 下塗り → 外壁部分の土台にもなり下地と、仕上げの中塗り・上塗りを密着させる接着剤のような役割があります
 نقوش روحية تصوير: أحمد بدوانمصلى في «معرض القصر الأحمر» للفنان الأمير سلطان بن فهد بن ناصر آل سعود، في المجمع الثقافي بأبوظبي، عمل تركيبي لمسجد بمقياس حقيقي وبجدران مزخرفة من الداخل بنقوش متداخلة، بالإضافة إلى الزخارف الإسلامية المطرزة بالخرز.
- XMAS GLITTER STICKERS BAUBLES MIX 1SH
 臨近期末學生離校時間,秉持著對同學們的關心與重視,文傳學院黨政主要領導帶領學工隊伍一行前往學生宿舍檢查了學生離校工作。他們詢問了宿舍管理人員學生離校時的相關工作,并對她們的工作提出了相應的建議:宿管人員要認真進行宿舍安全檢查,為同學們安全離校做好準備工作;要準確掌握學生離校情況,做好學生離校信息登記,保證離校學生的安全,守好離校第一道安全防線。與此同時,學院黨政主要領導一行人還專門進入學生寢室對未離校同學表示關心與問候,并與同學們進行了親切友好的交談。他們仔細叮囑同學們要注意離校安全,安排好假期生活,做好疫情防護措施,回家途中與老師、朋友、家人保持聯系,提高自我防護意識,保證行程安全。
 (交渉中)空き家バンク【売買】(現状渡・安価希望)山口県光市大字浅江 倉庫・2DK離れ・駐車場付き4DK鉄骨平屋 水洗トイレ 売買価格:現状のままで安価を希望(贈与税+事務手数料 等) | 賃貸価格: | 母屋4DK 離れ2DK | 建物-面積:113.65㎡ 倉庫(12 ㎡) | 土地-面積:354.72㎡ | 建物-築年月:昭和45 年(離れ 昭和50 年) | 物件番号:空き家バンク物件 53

========

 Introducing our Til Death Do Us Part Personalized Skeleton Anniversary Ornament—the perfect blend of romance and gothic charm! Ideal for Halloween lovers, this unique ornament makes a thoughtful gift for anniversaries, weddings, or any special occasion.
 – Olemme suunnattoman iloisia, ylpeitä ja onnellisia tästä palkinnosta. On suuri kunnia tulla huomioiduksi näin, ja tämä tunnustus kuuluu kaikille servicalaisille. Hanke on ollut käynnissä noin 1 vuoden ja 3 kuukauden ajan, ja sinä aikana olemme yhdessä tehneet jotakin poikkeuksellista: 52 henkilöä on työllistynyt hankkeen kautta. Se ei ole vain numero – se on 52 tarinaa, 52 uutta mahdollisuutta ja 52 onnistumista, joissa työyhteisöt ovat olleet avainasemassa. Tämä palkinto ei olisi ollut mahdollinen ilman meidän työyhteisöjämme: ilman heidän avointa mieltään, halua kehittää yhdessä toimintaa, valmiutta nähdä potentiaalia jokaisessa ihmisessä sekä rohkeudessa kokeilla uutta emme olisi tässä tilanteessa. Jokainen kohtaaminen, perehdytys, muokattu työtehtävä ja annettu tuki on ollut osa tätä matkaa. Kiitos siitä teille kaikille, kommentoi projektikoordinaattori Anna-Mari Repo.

========

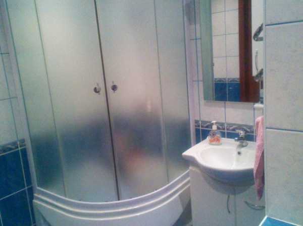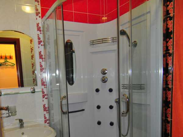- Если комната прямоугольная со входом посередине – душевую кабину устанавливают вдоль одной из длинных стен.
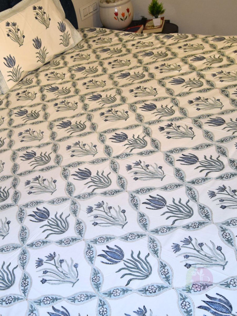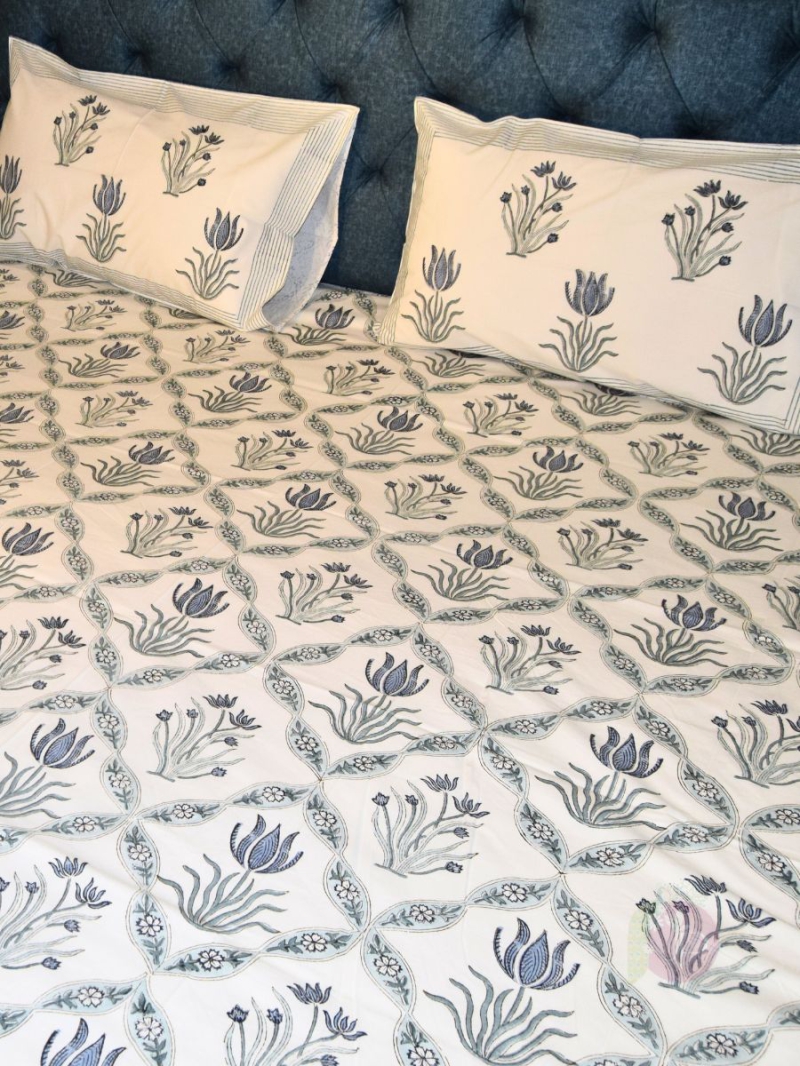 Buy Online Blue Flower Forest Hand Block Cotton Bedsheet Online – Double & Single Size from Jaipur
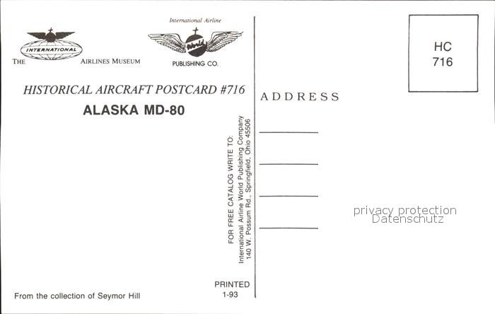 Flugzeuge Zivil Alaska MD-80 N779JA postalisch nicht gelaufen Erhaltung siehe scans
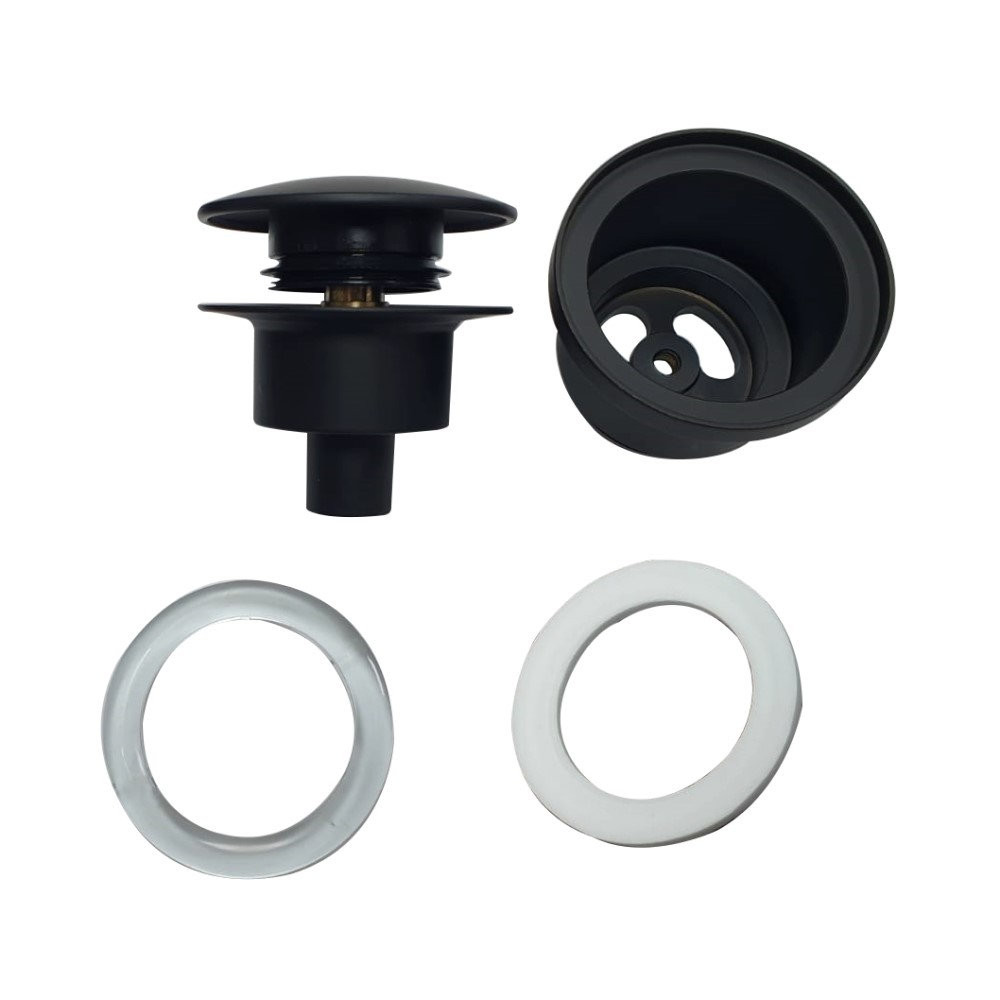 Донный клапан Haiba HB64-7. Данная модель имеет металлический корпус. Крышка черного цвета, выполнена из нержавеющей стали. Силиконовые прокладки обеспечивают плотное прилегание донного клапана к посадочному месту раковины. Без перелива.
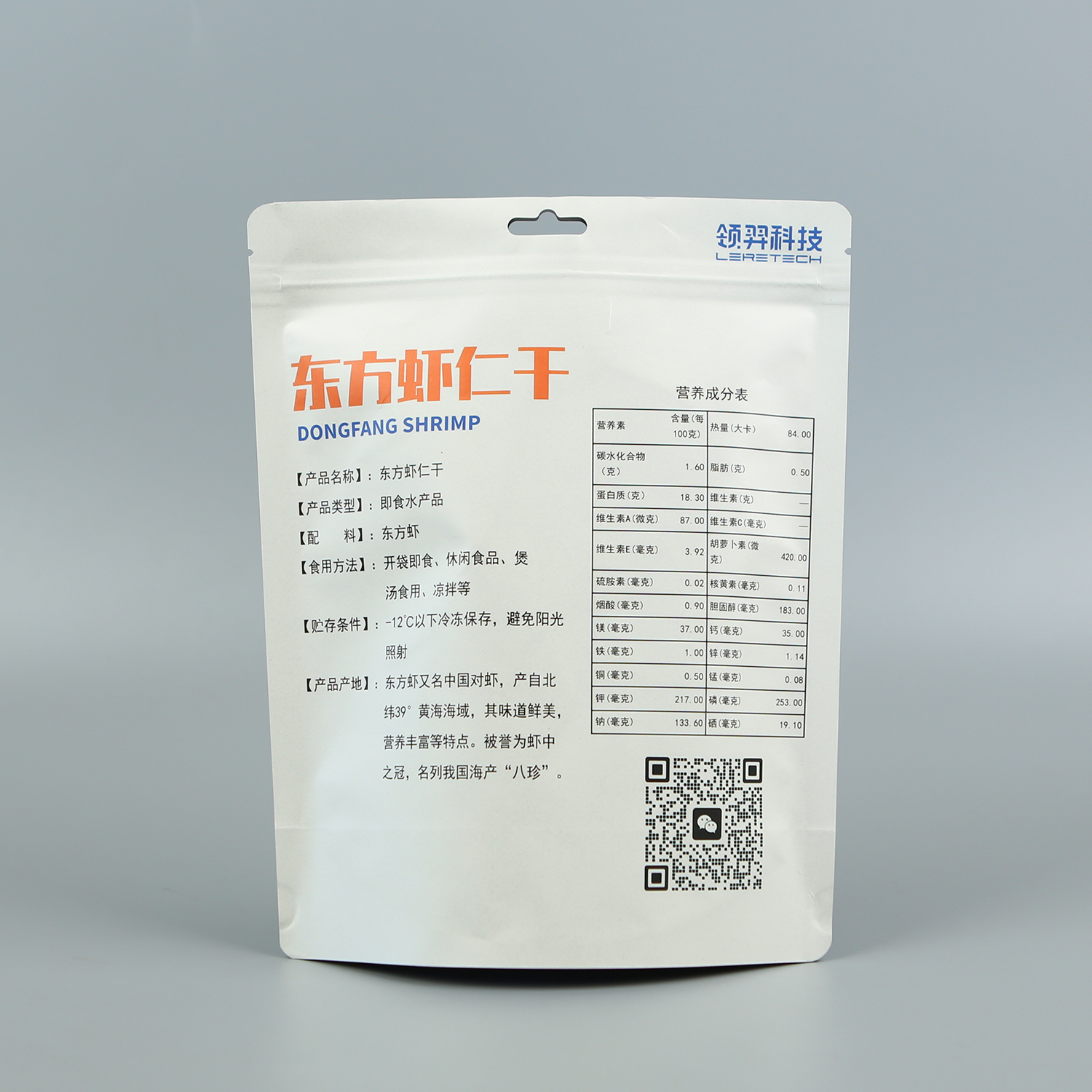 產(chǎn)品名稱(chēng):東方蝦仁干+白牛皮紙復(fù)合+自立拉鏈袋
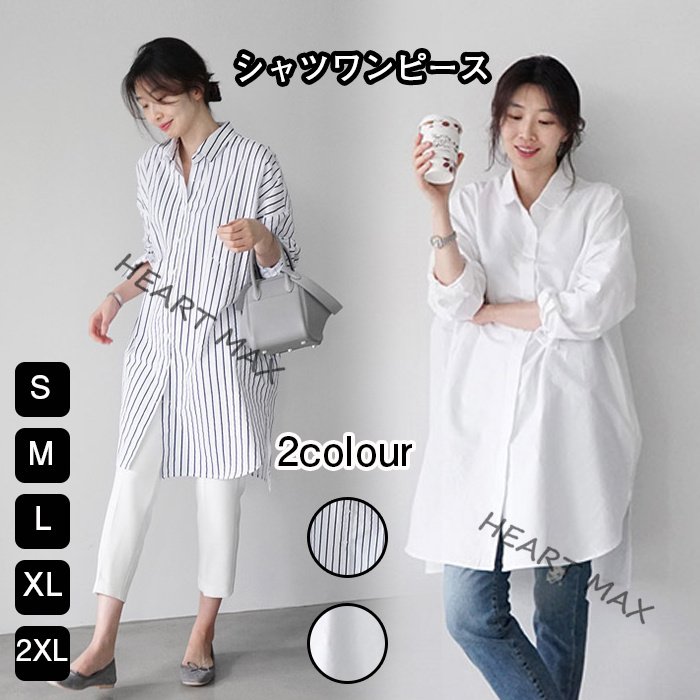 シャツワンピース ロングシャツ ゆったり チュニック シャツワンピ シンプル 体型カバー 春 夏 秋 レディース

========

### Instructions to follow:
Of all the entries above, output exactly the lines between the one holding "- XMAS GLITTER STICKERS BAUBLES MIX 1SH" and the one holding "(交渉中)空き家バンク【売買】(現状渡・安価希望)山口県光市大字浅江 倉庫・2DK離れ・駐車場付き4DK鉄骨平屋 水洗トイレ", inclusive.

### Exercise output:
- XMAS GLITTER STICKERS BAUBLES MIX 1SH
 臨近期末學生離校時間,秉持著對同學們的關心與重視,文傳學院黨政主要領導帶領學工隊伍一行前往學生宿舍檢查了學生離校工作。他們詢問了宿舍管理人員學生離校時的相關工作,并對她們的工作提出了相應的建議:宿管人員要認真進行宿舍安全檢查,為同學們安全離校做好準備工作;要準確掌握學生離校情況,做好學生離校信息登記,保證離校學生的安全,守好離校第一道安全防線。與此同時,學院黨政主要領導一行人還專門進入學生寢室對未離校同學表示關心與問候,并與同學們進行了親切友好的交談。他們仔細叮囑同學們要注意離校安全,安排好假期生活,做好疫情防護措施,回家途中與老師、朋友、家人保持聯系,提高自我防護意識,保證行程安全。
 (交渉中)空き家バンク【売買】(現状渡・安価希望)山口県光市大字浅江 倉庫・2DK離れ・駐車場付き4DK鉄骨平屋 水洗トイレ 売買価格:現状のままで安価を希望(贈与税+事務手数料 等) | 賃貸価格: | 母屋4DK 離れ2DK | 建物-面積:113.65㎡ 倉庫(12 ㎡) | 土地-面積:354.72㎡ | 建物-築年月:昭和45 年(離れ 昭和50 年) | 物件番号:空き家バンク物件 53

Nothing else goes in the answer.